There are almost 80 separate patches in all. Matt claims that his kernel, when configured with a full networking stack, fits "comfortably" on a 4MB box, which is, indeed, considered small these days. Matt has some ambitious future plans, including cutting functionality out of the console subsystem and (an idea that is sure to raise some eyebrows) making parts of the kernel be pageable. It remains to be seen whether things will get that far, but there is no doubt that making Linux work on small systems is a worthy goal.

Linux for little systems

Posted Dec 18, 2003 2:34 UTC (Thu) by flewellyn (subscriber, #5047) [Link] (3 responses)

Building the kernel with the -Os compiler option, which instructs gcc to optimize for size. This option results in a smaller kernel; interestingly, there have also been reports that -Os yields better performance on large systems as well, since the resulting executable has better cache behavior.
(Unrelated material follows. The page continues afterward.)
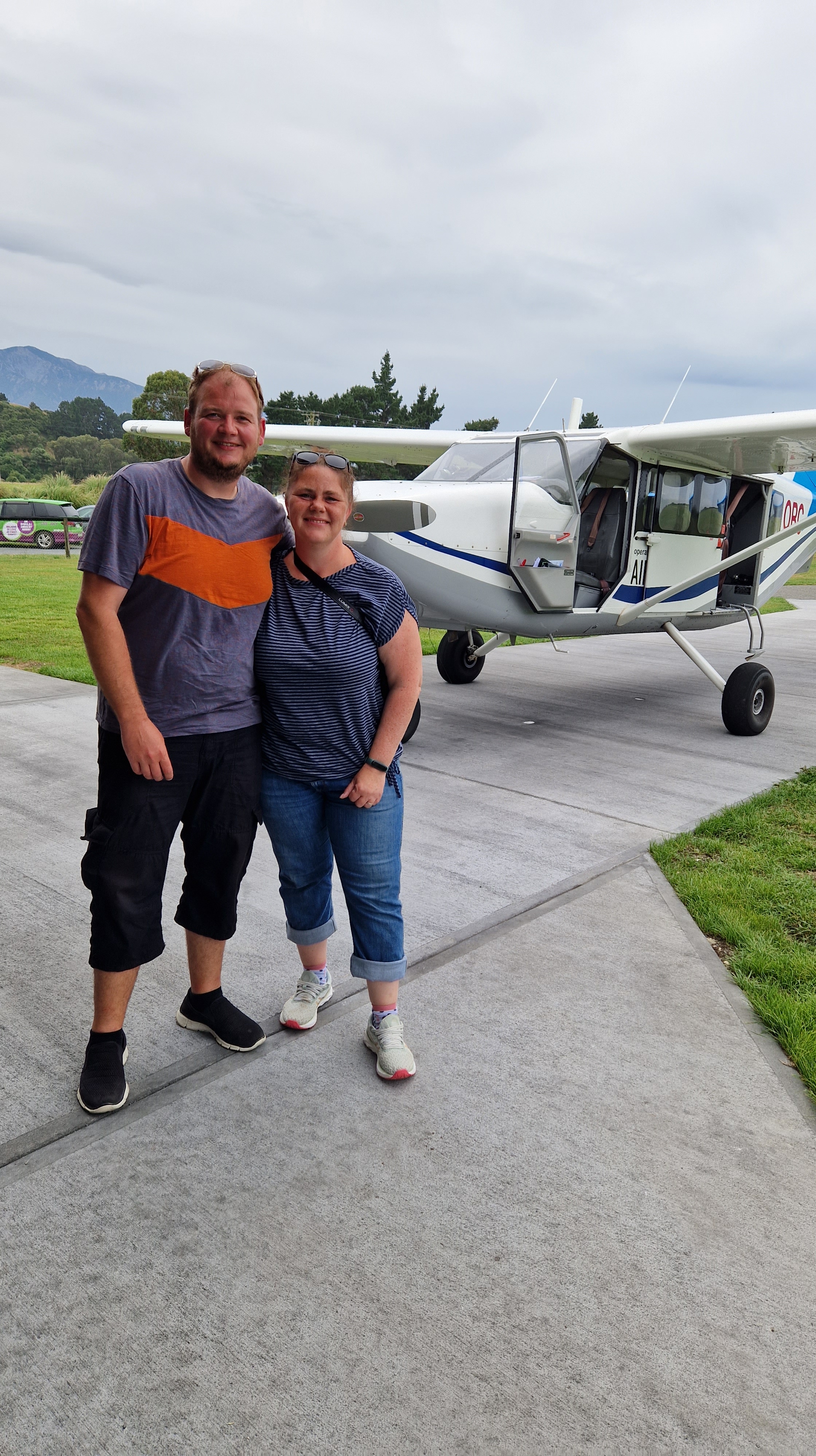 Kurz vor der Landung gab es dann aber tatsächlich noch einige (Dusky-) Delfine, die recht nah an der Küstenlinie und parallel zur Landebahn schwammen, zu sehen. Und dann setzten wir, zum Glück, wieder auf Land auf. Schnell noch ein Foto vorm Flieger und dann erstmal den Magen beruhigen. Keine Sorge, alles ist drin geblieben, aber das war schon ordentlich heftig, so dass wir erstmal in die Unterkunft fuhren, uns trockene Brötchen reinpfiffen, Bilder sortierten, ich ein bisschen schlummerte, um dann wieder vom Fomo (Fear of missing out – also die Angst, was zu verpassen) gedrängelt zu werden.

Actually, this makes some sense. With the wide disparity between modern CPU speeds (blazingly fast) and memory bus speeds (rather slow), anything which helps improve cache coherence is going to improve performance greatly. It may even outweigh the improvements from "speed" optimizations such as inlining, loop unrolling, etc. Some benchmarks in this area alone would be interesting.

Linux for little systems

Posted Dec 18, 2003 9:35 UTC (Thu) by gnb (subscriber, #5132) [Link] (2 responses)

>Some benchmarks in this area alone would be interesting.
Yes, provided they were for a system very like the one you cared about. The trouble
is there is no one right answer for a kernel expected to run on everything from
an ARM with 8k + 8k of L1 cache and nothing else to a Xeon that can probably
get the whole kernel into L2.

Linux for little systems

Posted Dec 18, 2003 9:49 UTC (Thu) by phip (guest, #1715) [Link]
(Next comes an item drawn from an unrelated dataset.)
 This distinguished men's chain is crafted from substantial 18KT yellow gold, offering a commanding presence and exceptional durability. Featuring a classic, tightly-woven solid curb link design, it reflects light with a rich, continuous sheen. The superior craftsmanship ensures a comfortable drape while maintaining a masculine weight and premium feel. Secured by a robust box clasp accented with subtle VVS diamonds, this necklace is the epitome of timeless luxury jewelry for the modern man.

Or a PA-RISC that has 1.5M + 750K L1 (D & I respectively) cache and nothing else...

Linux for little systems

Posted Dec 30, 2003 21:30 UTC (Tue) by joern_engel (guest, #4663) [Link]

Actually, cache size shouldn't matter too much, as it is de-facto zero anyway.

Unless things go horribly wrong, most CPU-time is spend in userspace, not in the kernel. Therefore, the userspace will flush out most kernel instructions from the cache before switching to kernelspace again. Therefore, the cache is always cold, when it comes to the kernel.

With a cold cache, smaller code is also faster code. Your bottle-neck is the memory-bus.